La mansión residencial regalada a Peña Nieto por un empresario formado a partir de los privilegios y de su cercanía al presidente de México para obtener contratos millonarios, además de ser un insulto para un país que tiene a cinco de cada diez habitantes en la pobreza, es el símbolo de la frivolidad, la banalidad y la hipocresía de nuestra clase política. La noticia sobre esta residencia, que tiene un valor exorbitado de 86 millones de pesos, ha encendido más a una sociedad sumida en la indignación por la desaparición de los normalistas de Ayotzinapa.
En esta misma Latinoamérica, don José Mujica, presidente de Uruguay, representa el otro lado del peñismo imperial.
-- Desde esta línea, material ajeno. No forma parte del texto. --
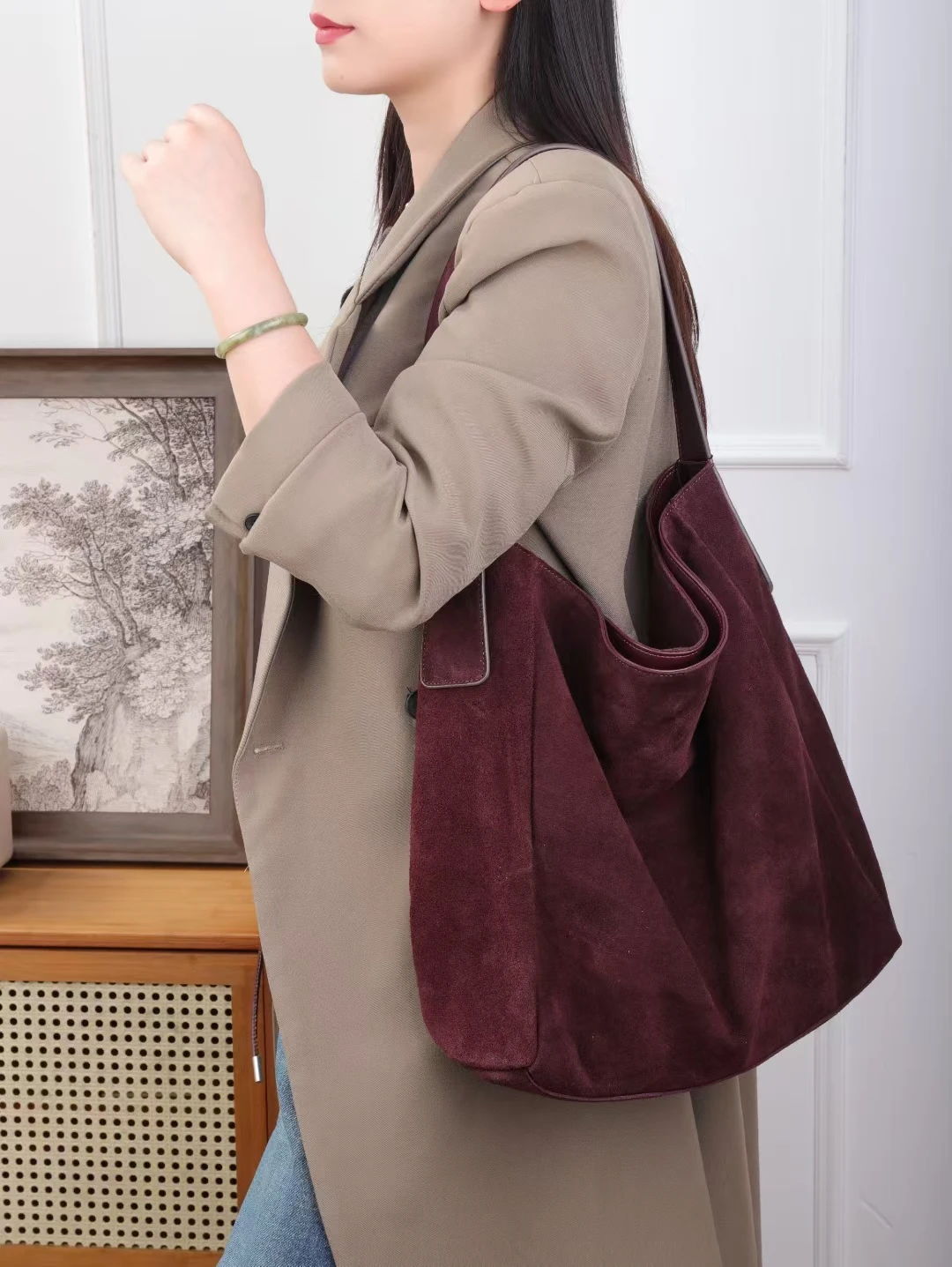 Soft Suede Cow Leather Women’s Shoulder Crossbody Bags Luxury Designer Brand Ladies High Quality Large Tote Bag Autumn Winter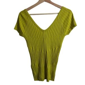Benetton Small Silk Cotton Chartreuse V-neck Short Sleeve Lightweight Top Spring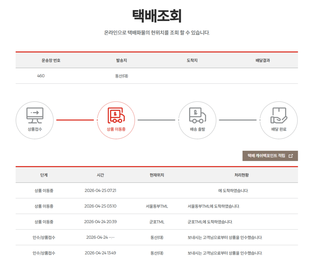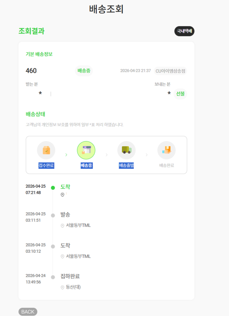 ▲ 그럼 위와 같이 CU 편의점택배 배송조회가 가능합니다.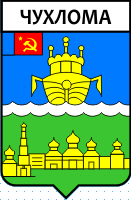 Геральдистом-энтузиастом С.А.Акатовым выпускался сувенирный значок с такой эмблемой г. Чухлома (авт. дат. проекта - 1974 г.; реализация в виде значка - кон. 90-х - нач. 2000-х). Видимо, этот вариант эмблемы не использовался и не утверждался официально. Материалы геральдического архива В.Маркова. |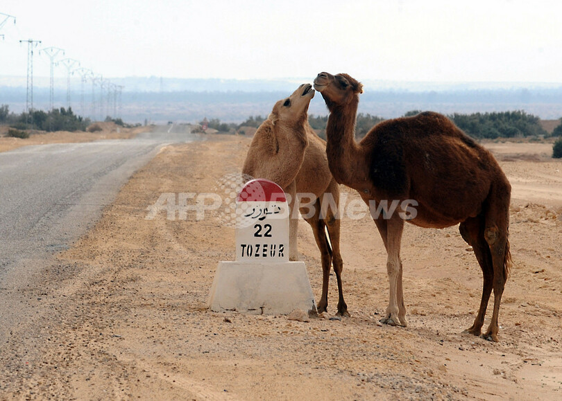 チュニジア南西部のドゥーズ(Douz)近郊のTozeurで寄り添い合うラクダ。ドゥーズで25-26日開催された第41回「サハラ国際フェスティバル(Sahara International Festival )」は、砂漠の遊牧民とその文化を称えるイベントで、訪れた地元の人々や観光客らを楽しませた(2008年12月25日撮影)。(c)AFP/FETHI BELAID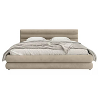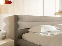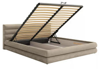 Miegamojo lova FLORENCE, Piano 04 – stilinga lova su patalynės dėže. Šviesiai rusvai pilkas veliūras su subtiliu blizgesiu, hidrofobinis ir lengvai valomas, o metalinis stelažas užtikrina stabilumą.

No vive en un palacio, no necesita cientos de asistentes, se mueve en un Vocho de 1987 y vive desde hace 30 años en el mismo vecindario.
Este hombre correcto, ha logrado que su país sea el segundo en América Latina con menor pobreza, según datos de la Cepal.
Mujica no necesita un ejército de aduladores para hacer su trabajo con dignidad y que sus habitantes se sientan orgullosos. Aunque muchos lo consideren un excéntrico; lo único que hace es vivir como la mayoría de la gente de su país. “Los raros son ellos”, dijo en alguna ocasión.
Muchos gobernantes han construido un Muro de Berlín que los ha alejado de la realidad que viven sus ciudadanos. Mujica, quien ha recibido la oferta de un jeque árabe por un millón de dólares a cambio de su Vocho, ha dicho que si lo vende, usará el dinero para regalar decenas de tractores en apoyo a sus campesinos.
Tengo una mejor propuesta: que Mujica le regale un viaje en Vocho a Peña Nieto.